Whether it’s a small tweak or a sweeping change, Carasiti has an explanation behind everything, which he makes sure to present to his players clearly. He leans on advanced statistics as well as his own insight and experience as a former player.
Carasiti also tries to bake in changes slowly, focusing on one aspect at a time rather than bombarding players with every change at once.
“I could look at a guy in High-A and say, ‘Hey, we need to change 10 things right now,’” Carasiti said. “A lot of these guys you could do that with, but it would ruin their season because it’s just mental overload. … We try to keep them athletic and keep it as simple as possible, but I think (Truitt) especially has done an incredible job of working on the things that we throw at him and understanding that it’s a process.”
For each player, Carasiti’s coaching style has resonated in different ways. For Ryan Hawks, it was a conversation about pitch usage after a rough start to the season. Carasiti provided insight on what worked best for him when he played, which Hawks internalized. As of July 31, Hawks leads the Northwest League with nine wins and ranks third in ERA (3.14).
“He’s done a real good job keeping things simple,” Hawks said. “He really gives us just one goal at a time during the week. He might bring us all up as a staff and kind of give us one thing he wants us to work on and improve on in that week.”
AquaSox reliever Stefan Raeth pointed to Carasiti’s ability to instill confidence in players, while Ben Hernandez — who signed with the Mariners organization following his release from Kansas City in 2024 — likes his presentation of ideas to succeed not only now, but in the majors as well.
“The biggest thing here, again, very loose atmosphere. They want you to be comfortable,” Hernandez said. “They want you to compete, and yeah, that’s kind of what’s new for me.”
The Road Ahead
Carasiti is at peace. Unlike during his “soft retirement” a few years ago, he has not once wished that he was still playing this season.
“I know I could still do it, but the desire is not there,” Carasiti said. “I just dove in, especially once the season started, and I have 15 guys that I’m trying to get better. And once you start to see the plans that you put in place start to come to fruition, it’s like the same feeling that I got when I played.”

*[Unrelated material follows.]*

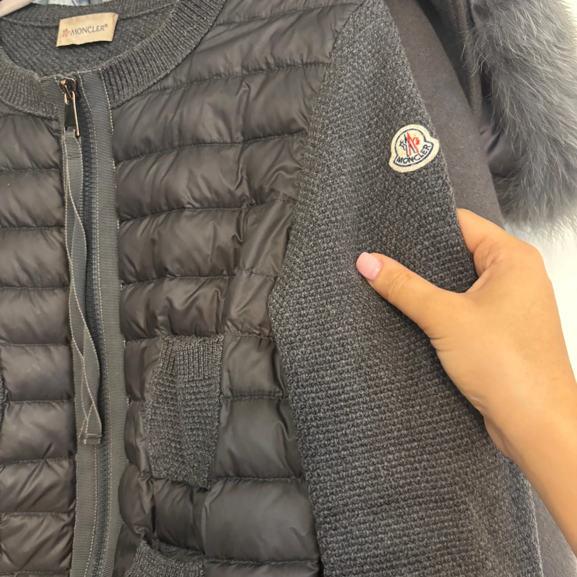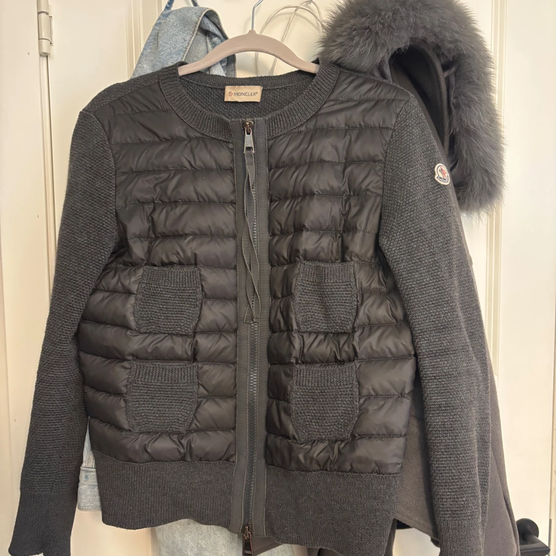 Säljer härmed min ur snygga Moncler cardigan med quiltad front och stickade ärmar. Två stickade fickor framtill och dragkedja hela vägen. Klassisk Moncler-logga på ärmen. Perfekt för lager-på-lager under höst och vinter. ÄKTA

Not even a full season has played out in Everett, but Carasiti has enjoyed things so much that he can see himself be a pitching coach in the majors at some point. For him, it would depend on the opportunity, as he still has his family and business back home in Connecticut.
After spending the back stretch of his playing career getting ahead of the curve in coaching, Carasiti has positioned himself to make the most of whatever path he chooses.
“I do love it here, but you never know what the future holds,” Carasiti said. “So I try to keep my options open as much as I can.”